* _What to work on_: Here is the task for the listing below: output exactly the lines from the one containing "- верхний душ" through the one containing "Airtight Glass Rice", and leave out the pictures.

Exercise data section start

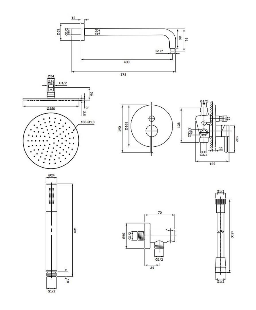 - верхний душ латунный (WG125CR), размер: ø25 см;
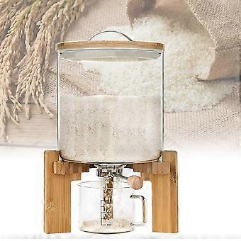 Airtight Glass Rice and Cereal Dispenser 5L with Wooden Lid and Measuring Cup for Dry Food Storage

Exercise data section end
Exercise data section start

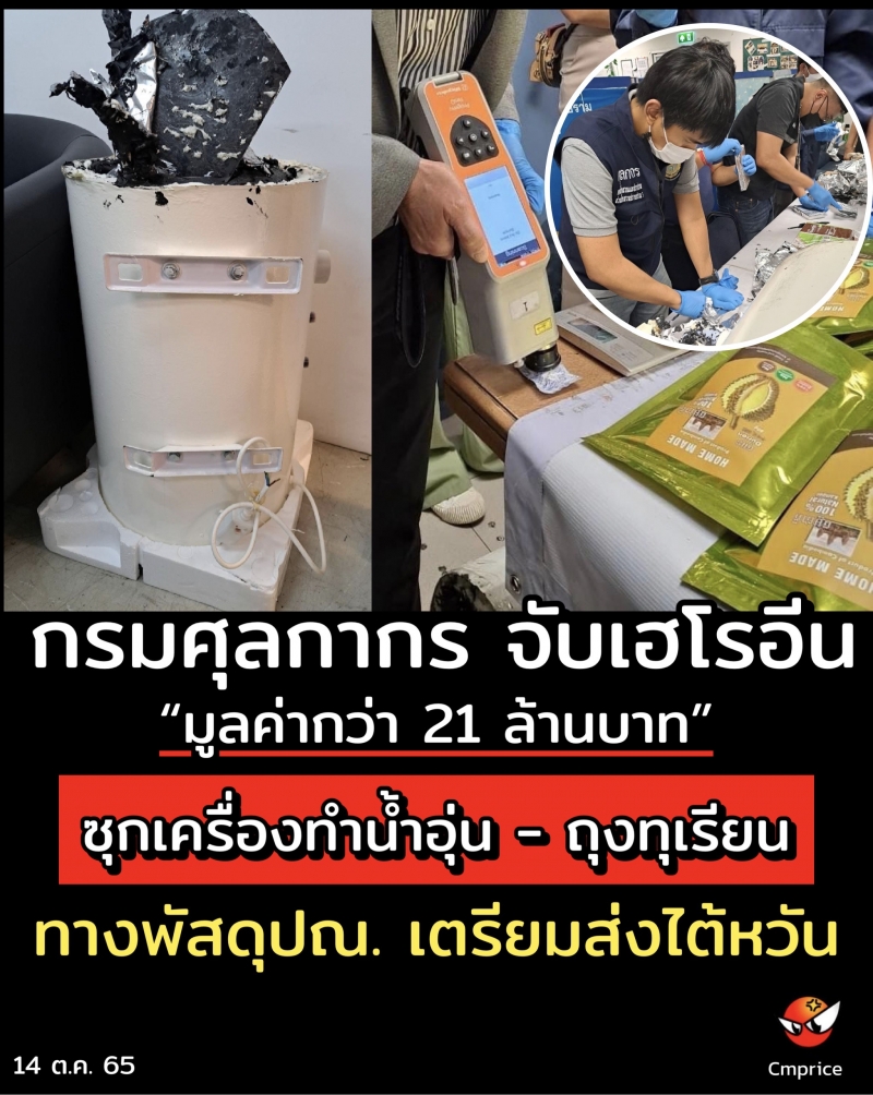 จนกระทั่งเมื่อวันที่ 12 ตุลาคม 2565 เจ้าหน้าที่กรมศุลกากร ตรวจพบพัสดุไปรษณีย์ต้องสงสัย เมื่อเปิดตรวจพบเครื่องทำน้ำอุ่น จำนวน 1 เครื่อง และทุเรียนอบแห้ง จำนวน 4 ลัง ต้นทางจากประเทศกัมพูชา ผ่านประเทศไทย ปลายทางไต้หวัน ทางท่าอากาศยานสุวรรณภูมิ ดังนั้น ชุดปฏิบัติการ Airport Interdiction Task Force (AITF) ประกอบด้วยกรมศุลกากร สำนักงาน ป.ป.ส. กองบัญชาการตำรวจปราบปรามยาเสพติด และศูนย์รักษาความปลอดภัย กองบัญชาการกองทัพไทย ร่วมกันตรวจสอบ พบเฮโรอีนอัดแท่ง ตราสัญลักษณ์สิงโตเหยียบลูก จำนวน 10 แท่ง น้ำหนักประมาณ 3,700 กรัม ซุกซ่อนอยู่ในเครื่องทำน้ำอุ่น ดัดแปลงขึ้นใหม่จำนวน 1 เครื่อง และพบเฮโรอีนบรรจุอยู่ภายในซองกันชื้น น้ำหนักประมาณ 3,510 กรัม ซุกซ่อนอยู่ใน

Exercise data section end

* _Result_:
 - верхний душ латунный (WG125CR), размер: ø25 см;
 Airtight Glass Rice and Cereal Dispenser 5L with Wooden Lid and Measuring Cup for Dry Food Storage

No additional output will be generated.